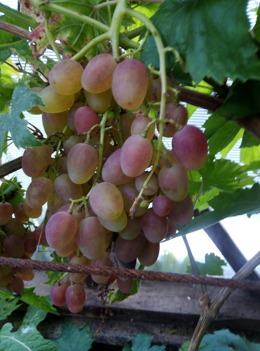Кишмиши любят все, в том числе и я, поэтому и посадил данный сорт. Как я раньше говорил, сначала посадил в парник. Многие не знают даже какую почву любит виноград. Многие пичкают почву навозом, чего на мой взгляд делать нужно очень осторожно. Однажды о составе почвы я узнал от французского виноградаря и всегда теперь делаю также. В состав входят три равные части. 1-крупнозернистый песок. 2-глина. 3-мелкий щебень. Это обязательный состав для меня. но я ещё добавляю перегной. Теперь о находке. Это один из самых ранних сортов. Гроздь завязывается уже на следующий год после высадки укорененного черенка. Укоренение приближается к 100%, так что с этим проблем нет. Болезней не наблюдал, но для профилактики один раз обработал купролюксом и всё. Весной вношу суперфосфат и мочевину. Далее во время вегетации один раз в две недели препарат здравень винограда. В середине августа Находка созревает. Для кишмиша ягода очень крупная, правда в наиболее крупных ягодах встречается косточка, но это не крит
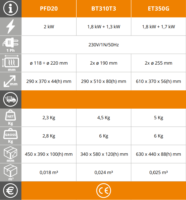 Fimar Easy Line PFD20 – компактен преносим индукционен котлон 2 kW с индукционна повърхност Ø118–Ø220 mm, стъклокерамична плоча, сензорно управление и дигитален таймер. Подходящ за кафетерии, мобилен кетъринг и HORECA кухни.
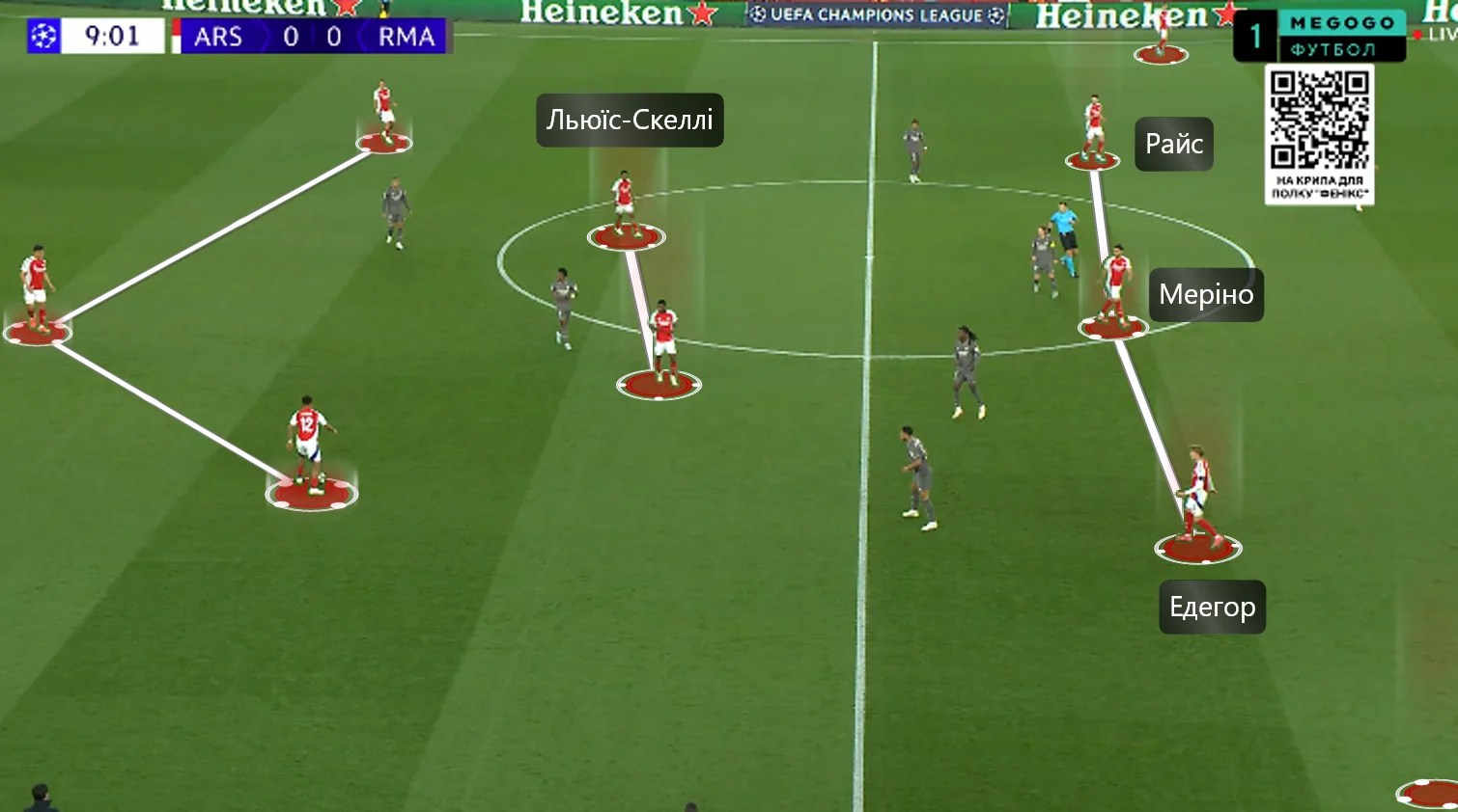 Арсенал: Рая – Тімбер, Саліба, Ківіор, Льюїс-Скеллі – Едегор, Парті, Райс – Сака, Меріно, Мартінеллі
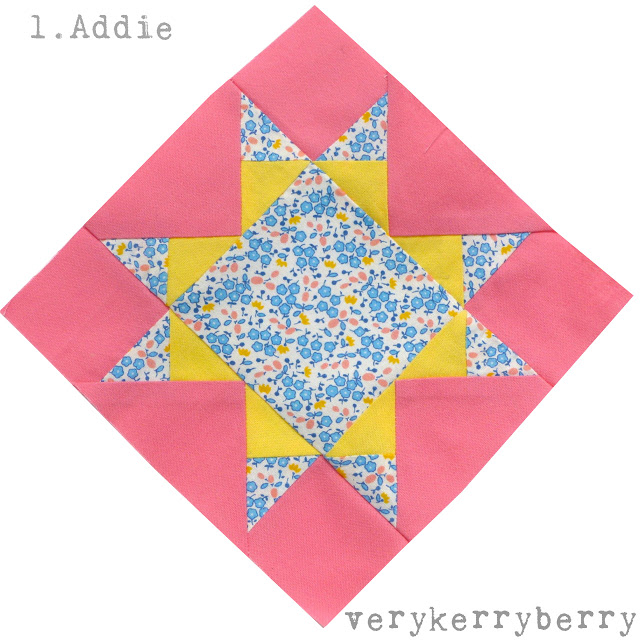 And lastly Addie (1). I just wasn’t really paying attention when I made this and have basically created a totally different block! I have ‘borrowed’ a photo of the correct placement from Kerry’s blog so you can see what went wrong…
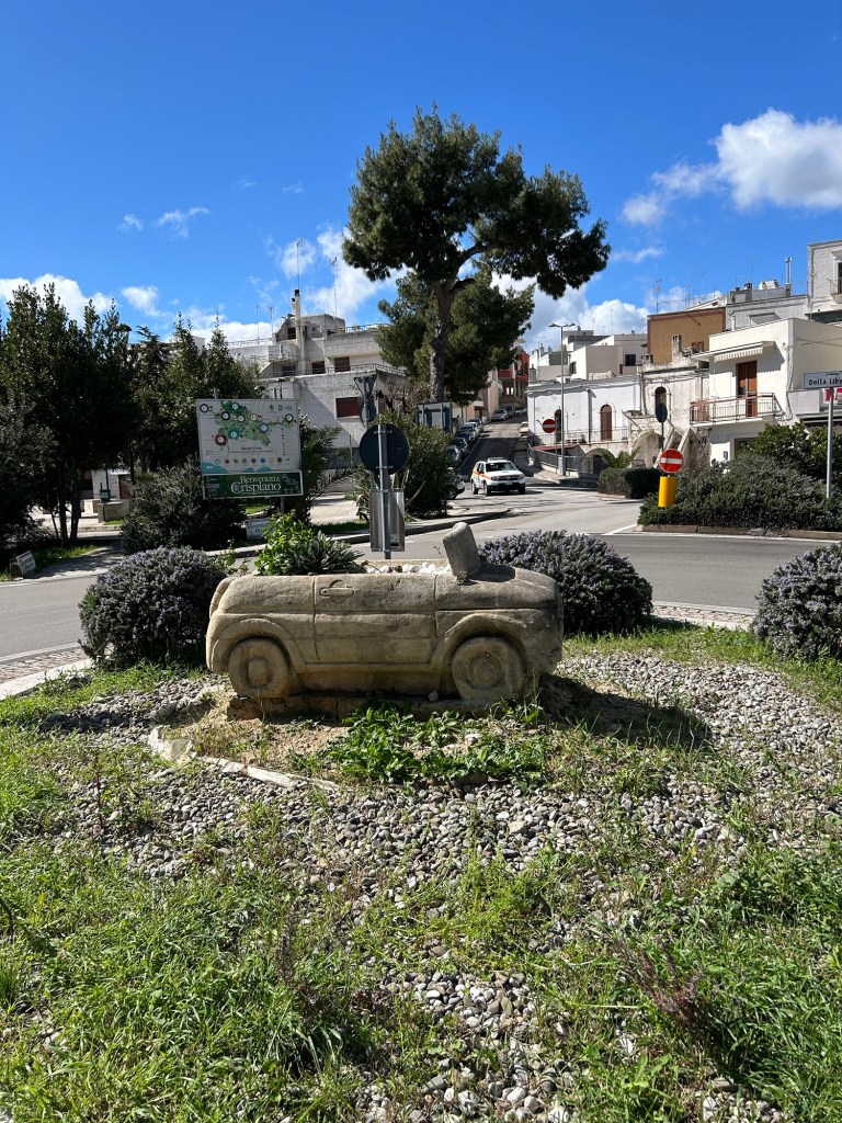 Crispiano. Ils ont aussi la voiture du Pétoulet, enfin presque la même que celle qui est devant le gymnase de Vergèze !!!
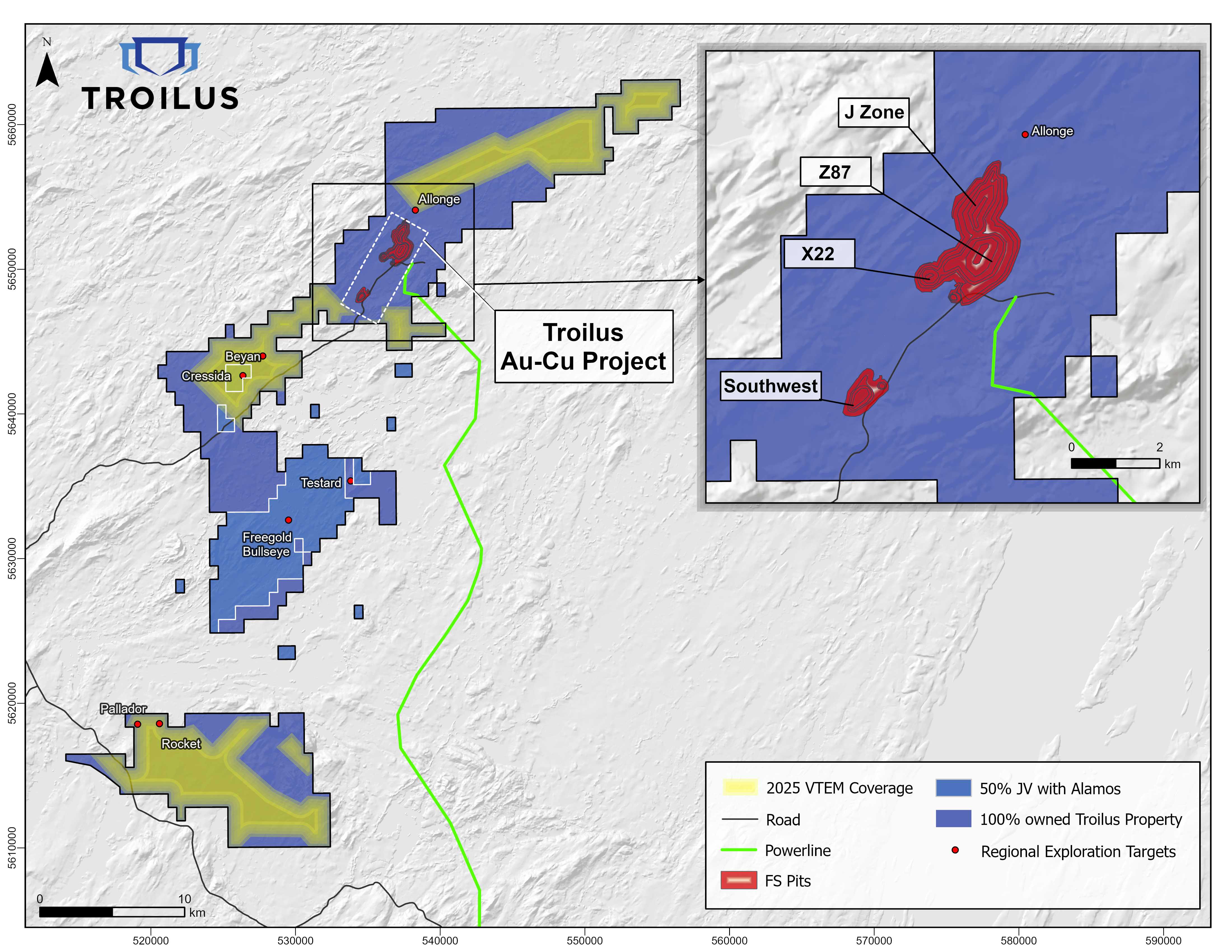 February 4, 2025, Montreal, Quebec – Troilus Gold Corp. (“Troilus” or the “Company”, TSX: TLG; OTCQX: CHXMF; FSE: CM5R) is pleased to announce the launch of its 2025 exploration program at the Troilus Copper-Gold Project (the “Project”) in north-central Quebec, Canada. This year’s program is designed to advance drilling and further develop high-priority targets to explore resource growth opportunities within and along the existing mineralized corridor. In addition to targeted drilling, the program will incorporate advanced geophysical surveys to refine exploration models and prioritize high-potential zones for resource expansion.
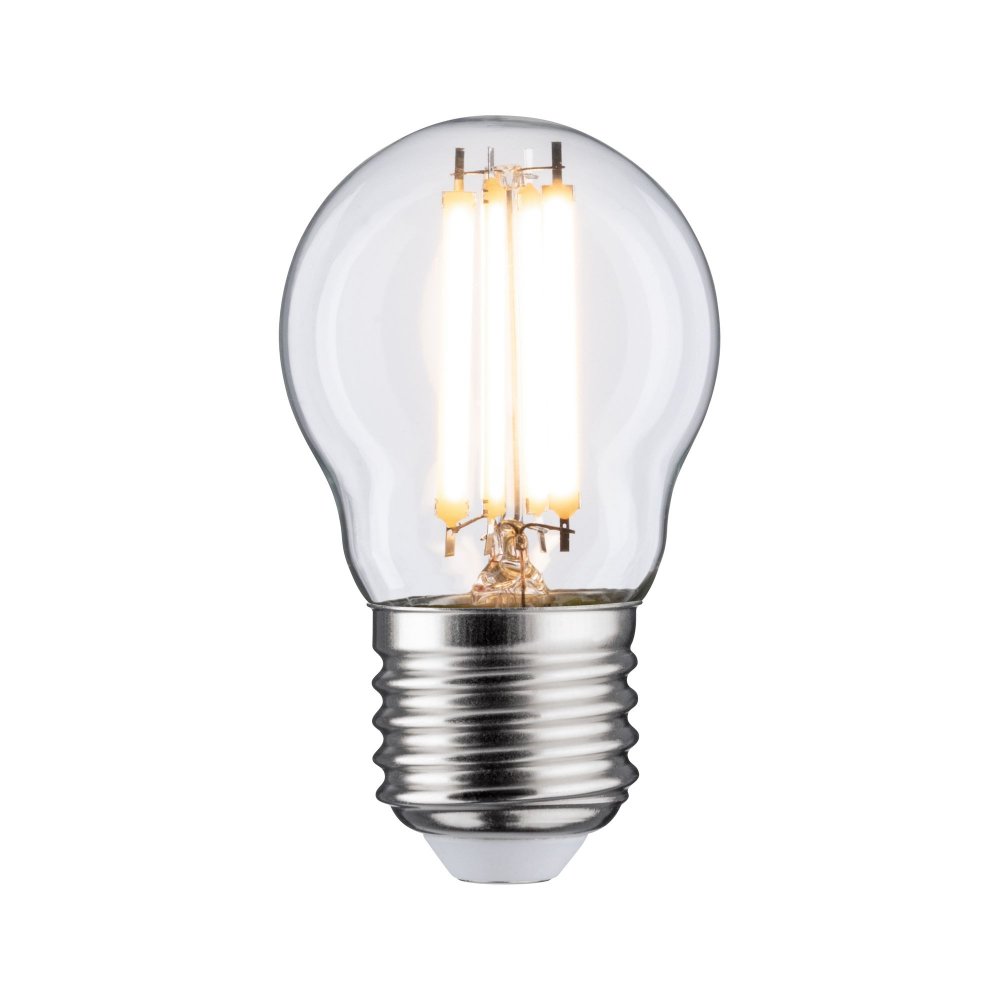 Die Filament-Tropfenlampe mit einer Leistung von 6,5 Watt gibt ihr warmweißes Licht in alle Richtungen ab. Tropfenlampen eignen sich durch ihre kompakte Bauform ideal für den Einsatz in kleinen Leuchten. Sie passt in jede handelsübliche E27-Fassung.
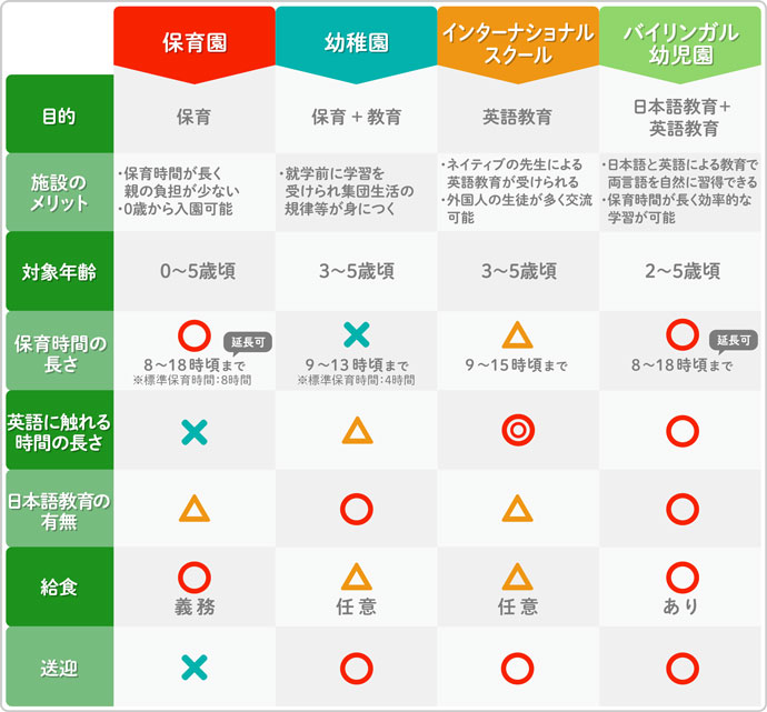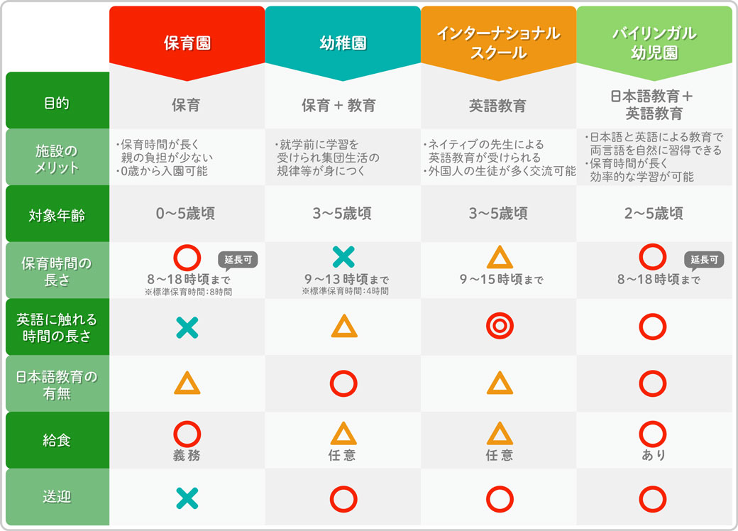 では、あなたのご家庭にはどの施設が合うのでしょうか? 保育園、幼稚園、インターナショナルスクール、バイリンガル幼児園の違いを、ひと目でわかる一覧表にまとめてみました。
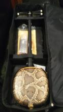 A music instrument like a traditional guitar (Sanshin) with three strings in a green camouflage colored soft case. I’ve left behind it at the X-ray security check machine at the terminal 1.
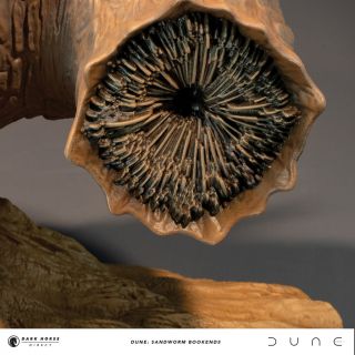 Amerykańskie wydawnictwo Dark Horse Direct przy współpracy z wytwórnią filmową Legendary Entertainment zaprojektowało figurkę czerwia, czyli istoty zamieszkującej pustynne obszary na planecie Arrakis. Służy ona jako podpórka na książki. Jej wymiary to: 21,6 cm wysokości, 20,3 cm szerokości i 16,5 cm głębokości. Została skrupulatnie wyrzeźbiona i ręcznie pomalowana. Koszt takiego gadżetu to 149,99 dolarów. Przesyłka też nie jest lekka, bo waży około 8,5 kilograma. Wysyłka podpórki rozpocznie się w grudniu tego roku. Zobaczcie w poniższej galerii jak prezentuje się ta figurka.
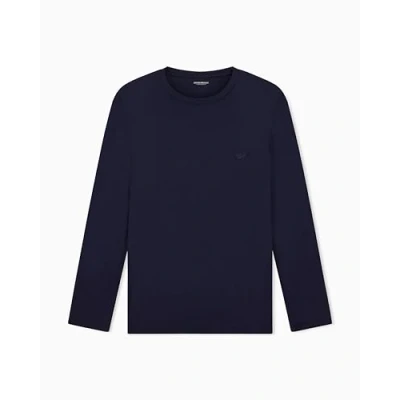 Emporio Armani MAN'S TECH WOOL LONG SLEEVE CREW NECK T SHIRT BLUE L REGULAR FIT
━━━
### Work to complete
Give back exactly the lines from the line with "A music instrument" through the final line of the entries above, and keep pictures out of the copy.

### Written solution
 A music instrument like a traditional guitar (Sanshin) with three strings in a green camouflage colored soft case. I’ve left behind it at the X-ray security check machine at the terminal 1.
 Amerykańskie wydawnictwo Dark Horse Direct przy współpracy z wytwórnią filmową Legendary Entertainment zaprojektowało figurkę czerwia, czyli istoty zamieszkującej pustynne obszary na planecie Arrakis. Służy ona jako podpórka na książki. Jej wymiary to: 21,6 cm wysokości, 20,3 cm szerokości i 16,5 cm głębokości. Została skrupulatnie wyrzeźbiona i ręcznie pomalowana. Koszt takiego gadżetu to 149,99 dolarów. Przesyłka też nie jest lekka, bo waży około 8,5 kilograma. Wysyłka podpórki rozpocznie się w grudniu tego roku. Zobaczcie w poniższej galerii jak prezentuje się ta figurka.
 Emporio Armani MAN'S TECH WOOL LONG SLEEVE CREW NECK T SHIRT BLUE L REGULAR FIT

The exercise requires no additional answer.